The postrotate command in this file is ...
/bin/kill -HUP `cat /var/run/httpd.pid 2> /dev/null` 2> /dev/null || true

The problem is that Apache sometimes writes its Process ID into /var/run/httpd.pid and
sometimes into /var/run/httpsd.pid.  In the latter case, the server does NOT get restarted
by logrotate and thus, the Apache keeps writing logs into the newly renamed and rotated
access_log.1, etc.

First, this effectively disables the logrotate function as all data still goes into the same file
(based on the inode number that Apache originally opened) and secondly, after 4 weeks,
when the active file gets deleted by logrotate, bad things happen,  the best case scenario
is that logging gets lost and the worst case is file corruption or server crash.

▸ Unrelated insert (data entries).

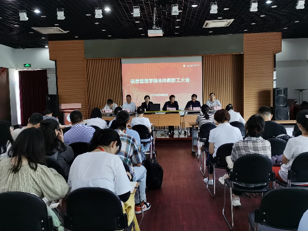 9月9日下午,信息管理学院在工会二楼活动中心召开了2023年秋季全体教职工大会,学院党政班子领导及全体教职工出席了此次会议,会议由党总支书记王铂主持。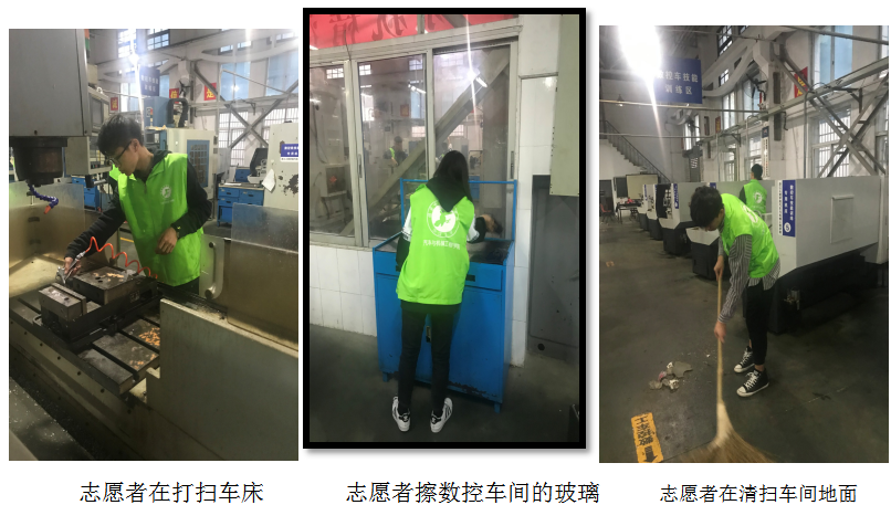 义务清洗活动一直都是我们绿色啄木鸟志愿队的品牌活动。此次活动清洗的场地是数控车间的车床和地面。在清洗前,由实训室负责老师向志愿者们简要介绍了清洗时的注意要点、清洗方式,特别是强调安全工作。作为汽机分院的一成员,志愿者们较为熟悉清洗和整理的场地,因此更懂得如何清洗。在清洗过程中,志愿者们分工有序,认真清洗,因为懂得这不仅仅是一次次清洗工作,更重要的是准备良好的考试环境。经过90分钟的努力,车间焕然一新。看着干净的车间,志愿者们体验到了志愿服务的快乐精神,更感受到了志愿者队伍的团队力量。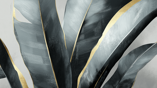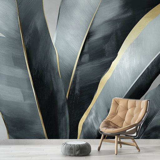 WonderMuralDiese Fototapete zeigt ein faszinierendes Muster von Blättern in Grautönen, das durch subtile goldene Akzente hervorgehoben wird. Die zarte Textur ...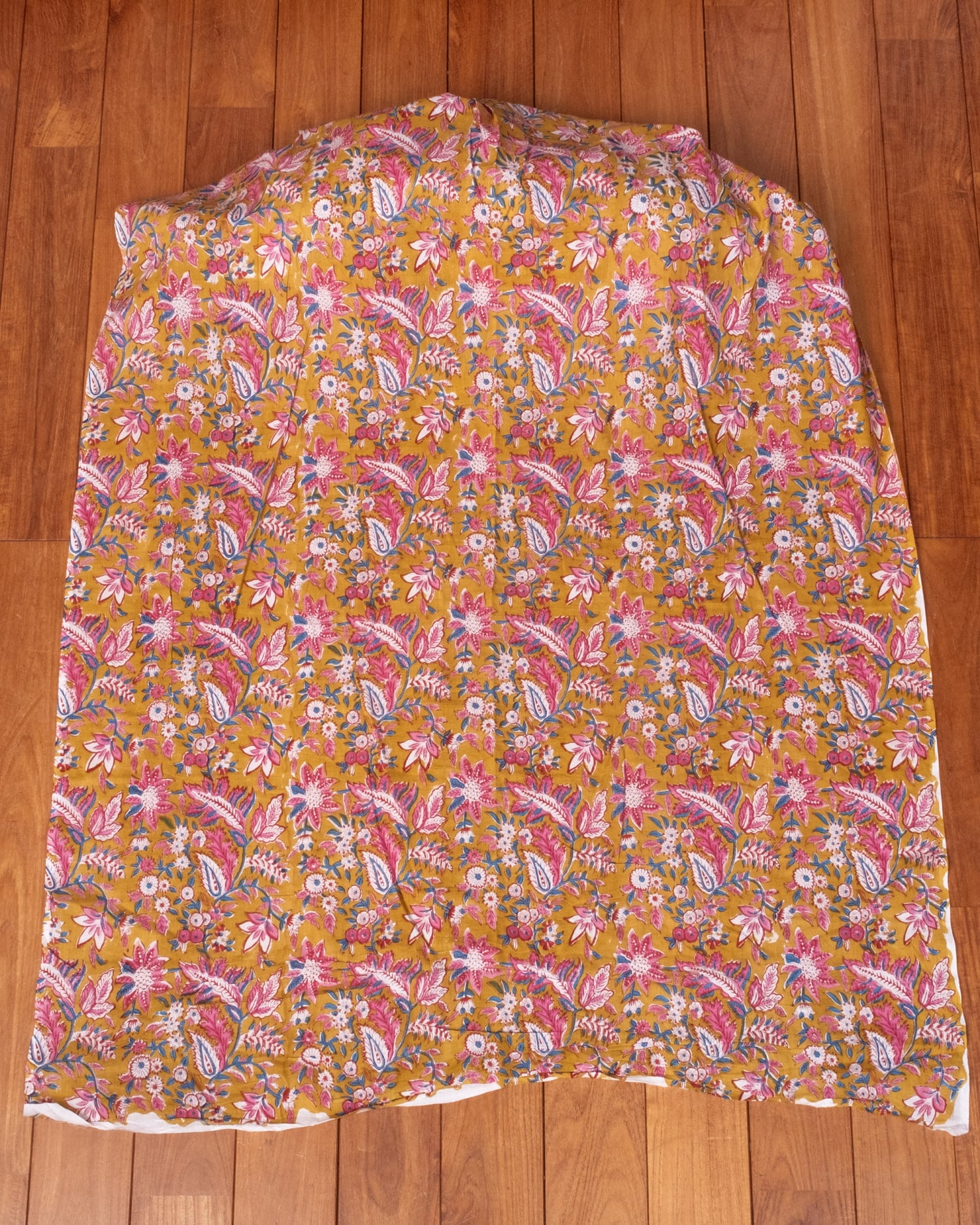木版染めとは、ウッドブロック(木版)を用いて一つ一つ模様を染めこんだ優雅で贅沢な仕上がりの布です。大量生産には向かない、非常に時間のかかる丁寧な手仕事の賜物といえます。インドは美しい布の宝庫ですが、その中でも特に素敵な一枚に仕上がっています。ハンドメイドのウッドブロックプリントにしか出せない、独特のムラがありとても雰囲気があります。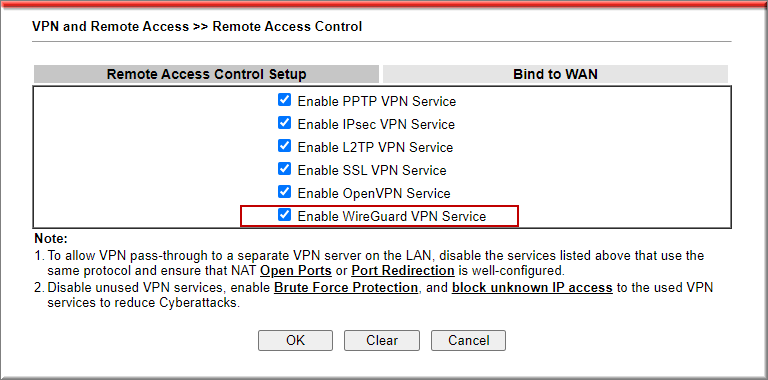 1. Kích hoạt dịch vụ Wireguard VPN trên DrayTek DrayOS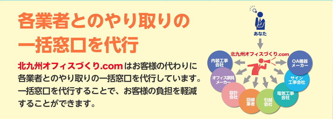北九州オフィスづくり.comは、福岡県北九州市周辺のあらゆるオフィスづくりに対応いたします。お気軽にご相談ください。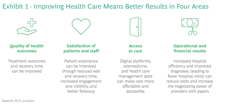 We interviewed senior executives at major hospitals across Europe and the Middle East. They are clear-eyed on the need for digital transformation, but they also have big concerns about the extent and difficulty of the challenge. Success means improving the quality of health outcomes, the satisfaction of patients and staff, access to care, and the hospital’s own operational and financial results. (See Exhibit 1.)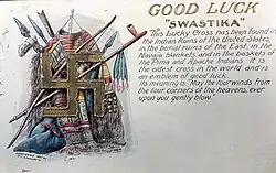 The Passamaquoddy Nation, whose homeland within Dawnland extends across the Canada–United States border between Maine and New Brunswick, used an elongated swastika on their war canoes in the American colonial period as well as later.[70] A carving of a canoe with a Passamaquody swastika was found in a ruin in the Argonne Forest in France, having been carved there by Moses Neptune, an American soldier of Passamaquody heritage, who was one of the last American soldiers to die in battle in World War I.[71]
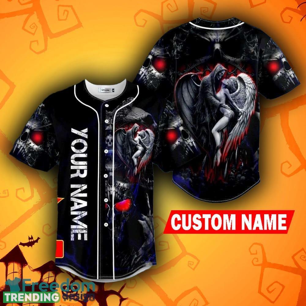 Death And Angel Forbidden Couple Love Halloween Skull Holiday Baseball Jersey Shirt Custom Name Information: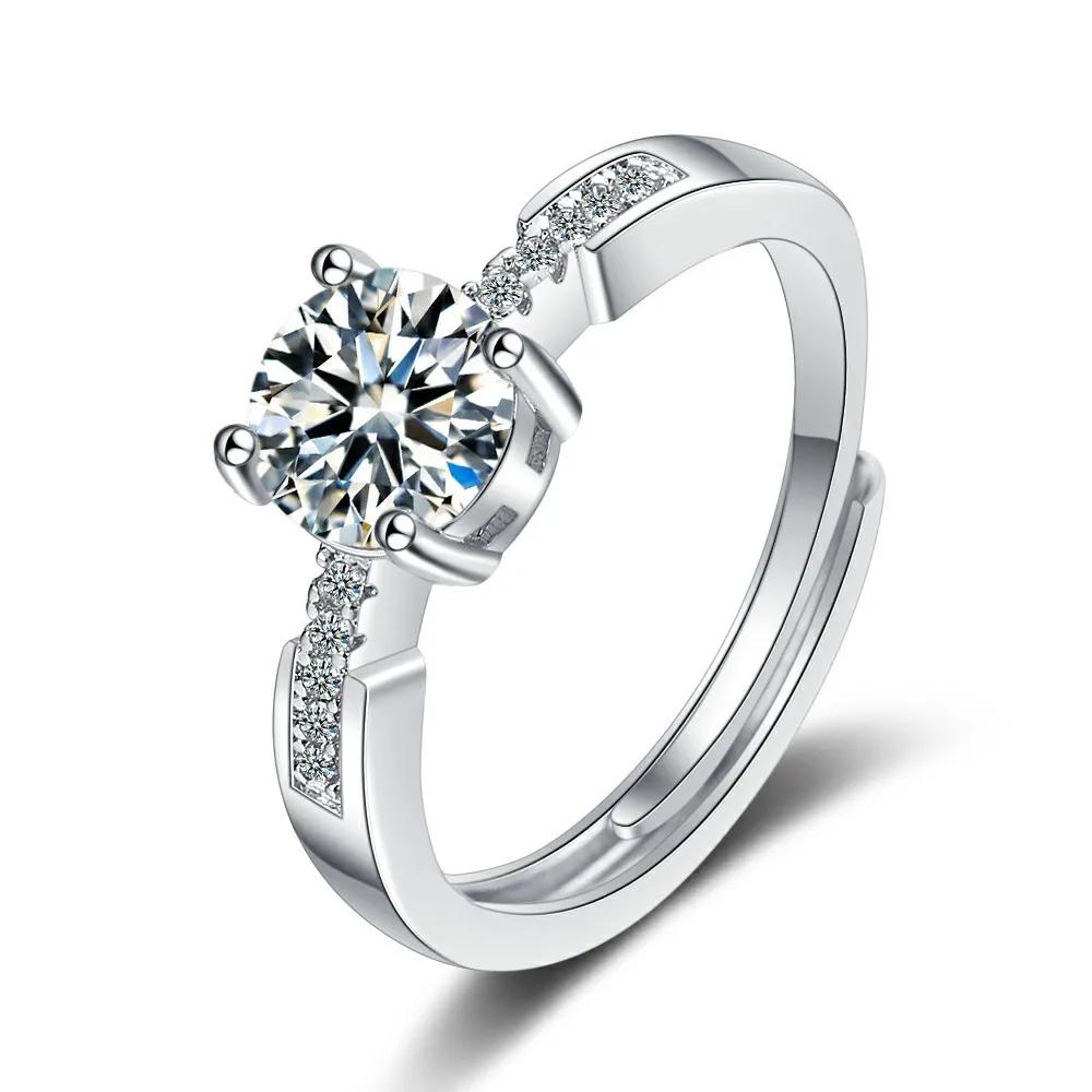 Pure Silver Color Rings for Women 4-claw Cz Dating Party Daily-Life Square Simple Sterling Ring Fine Bijoux Gifts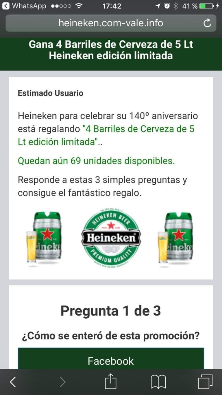 Para acceder a este beneficio de Heineken, una de las cervecerías de renombre mundial, solo hay que ingresar en un link que supuestamente, al clickearlo, llevará directo a obtener la recompensa.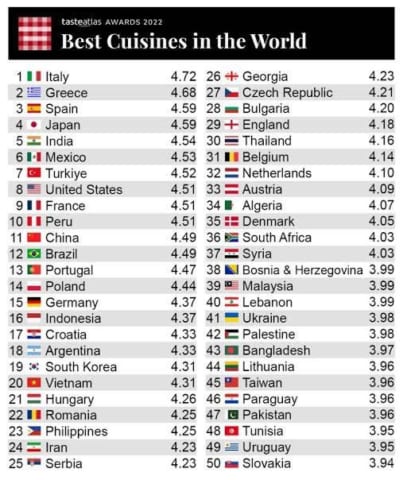 はい外国人が決めたメシが美味い国ランキングね

When Apache is used in SSL mode with a valid key, it stores its Process ID in httpsd.pid.
However, on servers that do not run with a secure key or in secure mode, Apache sometimes
writes to httpd.pid and sometimes httpsd.pid.  I have not been able to figure out what the
determining factor is.  I have to start Apache, look in /var/run and see what file Apache is using
and manually change the logrotate config file for apache.  Once done, it seems to work forever
However, this is something that should be automatic.  The easiest fix is to change the
postrotate part of the /etc/logrotate.d/apache file to check which "pid" file exists and then
restart based on that, but the correct fix is to make Apache consistent.

This bug seems to affect all versions of RedHat Linux, up through the current release.

Comment 1 Joe Orton 2004-09-21 10:17:04 UTC
Thanks for the report.  This bug is no longer present in the Apache
httpd 2.0 packages in Red Hat Enterprise Linux and Fedora Core.